**DATA SHOWN**:
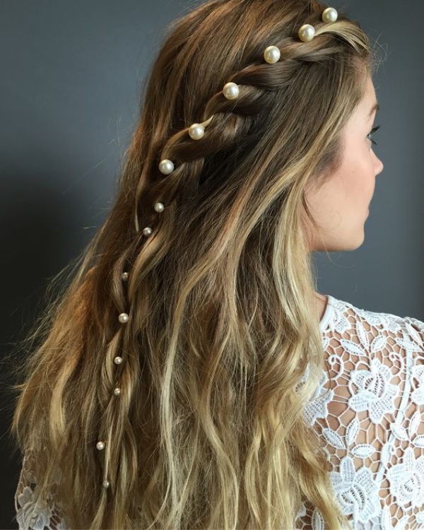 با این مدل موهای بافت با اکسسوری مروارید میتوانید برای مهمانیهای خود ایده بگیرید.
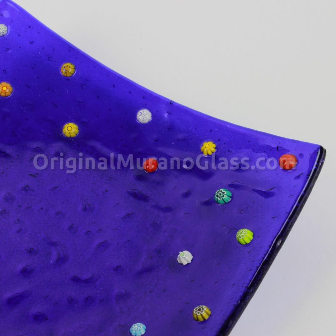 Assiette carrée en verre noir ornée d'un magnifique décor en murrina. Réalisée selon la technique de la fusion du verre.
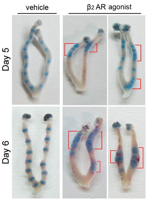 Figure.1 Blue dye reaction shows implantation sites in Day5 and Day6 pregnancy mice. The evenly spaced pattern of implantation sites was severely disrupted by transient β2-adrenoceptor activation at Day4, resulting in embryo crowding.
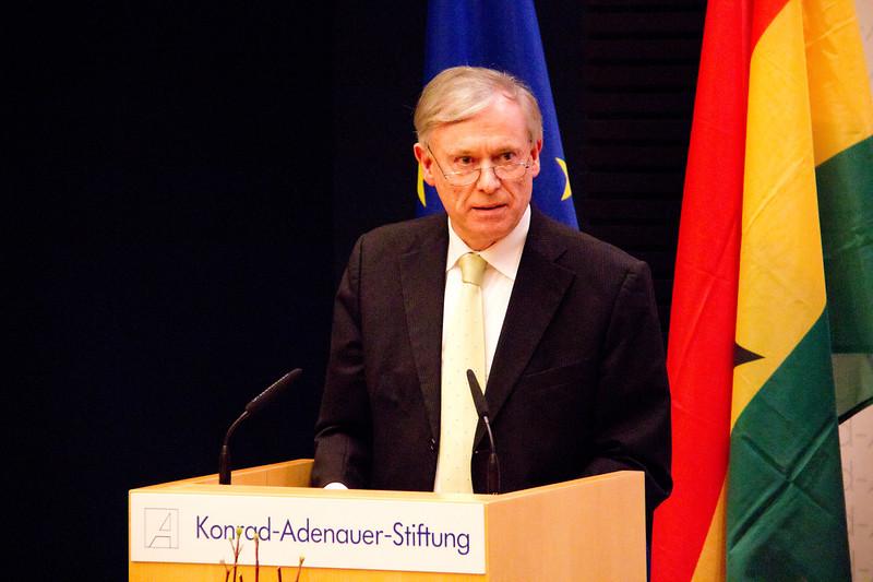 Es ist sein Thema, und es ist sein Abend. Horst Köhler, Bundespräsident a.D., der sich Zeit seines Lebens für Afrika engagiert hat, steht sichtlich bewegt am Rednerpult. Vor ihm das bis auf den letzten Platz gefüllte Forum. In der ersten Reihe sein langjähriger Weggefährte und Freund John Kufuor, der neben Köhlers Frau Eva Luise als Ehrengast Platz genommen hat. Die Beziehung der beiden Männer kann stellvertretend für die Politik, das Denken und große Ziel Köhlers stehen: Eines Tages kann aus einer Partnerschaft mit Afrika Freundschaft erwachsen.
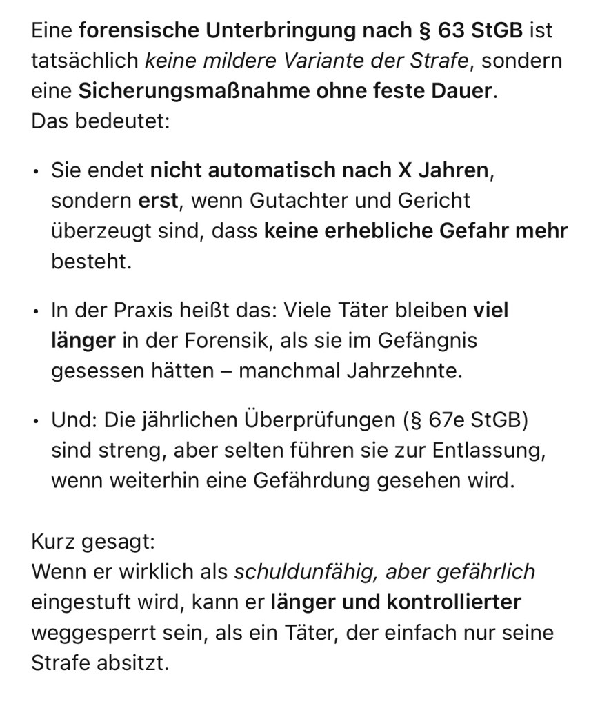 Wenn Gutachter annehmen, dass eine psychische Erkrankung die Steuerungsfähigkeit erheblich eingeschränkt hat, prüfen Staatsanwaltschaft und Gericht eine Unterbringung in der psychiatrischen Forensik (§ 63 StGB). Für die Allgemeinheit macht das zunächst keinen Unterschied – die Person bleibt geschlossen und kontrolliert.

**TASK TO CARRY OUT**:
Once the line containing "Es ist sein Thema, und" has been copied, stop; everything from the first line of the data up to it must be copied exactly, without pictures.

**EXERCISE SOLUTION**:
 با این مدل موهای بافت با اکسسوری مروارید میتوانید برای مهمانیهای خود ایده بگیرید.
 Assiette carrée en verre noir ornée d'un magnifique décor en murrina. Réalisée selon la technique de la fusion du verre.
 Figure.1 Blue dye reaction shows implantation sites in Day5 and Day6 pregnancy mice. The evenly spaced pattern of implantation sites was severely disrupted by transient β2-adrenoceptor activation at Day4, resulting in embryo crowding.
 Es ist sein Thema, und es ist sein Abend. Horst Köhler, Bundespräsident a.D., der sich Zeit seines Lebens für Afrika engagiert hat, steht sichtlich bewegt am Rednerpult. Vor ihm das bis auf den letzten Platz gefüllte Forum. In der ersten Reihe sein langjähriger Weggefährte und Freund John Kufuor, der neben Köhlers Frau Eva Luise als Ehrengast Platz genommen hat. Die Beziehung der beiden Männer kann stellvertretend für die Politik, das Denken und große Ziel Köhlers stehen: Eines Tages kann aus einer Partnerschaft mit Afrika Freundschaft erwachsen.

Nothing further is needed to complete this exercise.